No tengo ni la más mínima intención de ir en pos de mi juventud perdida. No tengo planeado ponerme a entrenar para correr un maratón y demostrar que todavía puedo engañar a los ataques cardiacos, ni pienso hacerme cirugía para quitarme estas ojeras que se han hecho más difíciles de ocultar con los años. Nunca me he teñido el cabello y con las cinco canas que tengo, tampoco tengo planeado hacerlo pronto. No pienso botar a mi marido, abandonar a mis hijos e irme a dar el rol por el mundo mochila en mando. No tengo planeado comprarme un Ferrari, ni motos para que mi cabellera se deschongue al aire. Tampoco pienso sumirme en la melancolía de lo que no he logrado, ni desgarrarme las vestiduras porque no se lo que me depara el futuro. Honestamente, estoy cómoda con quien soy, me gusta donde estoy y amo con quienes vivo. Disfruto los lugares que rondo, las páginas que leo, las cosas que escribo, los amigos que tengo.

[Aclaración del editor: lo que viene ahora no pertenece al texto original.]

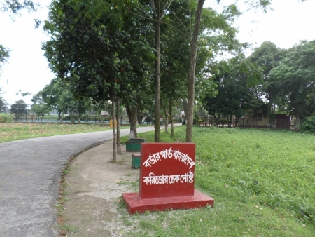 তিন বিঘা করিডোর থেকে ১০০ মিটার দূরে নামফলকে লেখা পড়ে মনে আনন্দের একটা শিহরণ বয়ে গেল।খানিকটা এগুতেই দেখলাম বামপাশে করিডোরের বাইরে বিজিবির তিনবিঘা করিডোর চেকপোষ্ট।
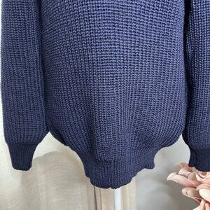 NWT Aran Sweater Market 100% Wool Turtleneck Chunky Knit Navy Blue Size Medium

He decidido, en cambio, comer más frutas y verduras porque hasta ahora, confieso que los brócolis y los chayotes no logran emocionarme. He pactado dormir sólo cuando tenga sueño, dedicar más tiempo a escribir, leer autores nuevos, releer a los de siempre. Seguir creando memorias con mis amigos, cantar con más ganas, bailar cuando esté contenta, llorar sin tapujos aunque el motivo sea que alguna mala película que vaticine el fin del mundo. Volver a hacer ejercicio regularmente, frecuentar a la gente que me cae bien pero que no considero aún amigos, trabajar como siempre y reír con ganas.
Así que lectora, lector querido, gracias por venir a mi fiesta. El día es largo y tiene usted todavía tiempo de enviarme sus felicitaciones y buenos deseos, así que por favor, no se cohíba, felicíteme, que hay motivos. Y a vivir con ganas, que tengo más de cuarenta motivos que me dan cuerda.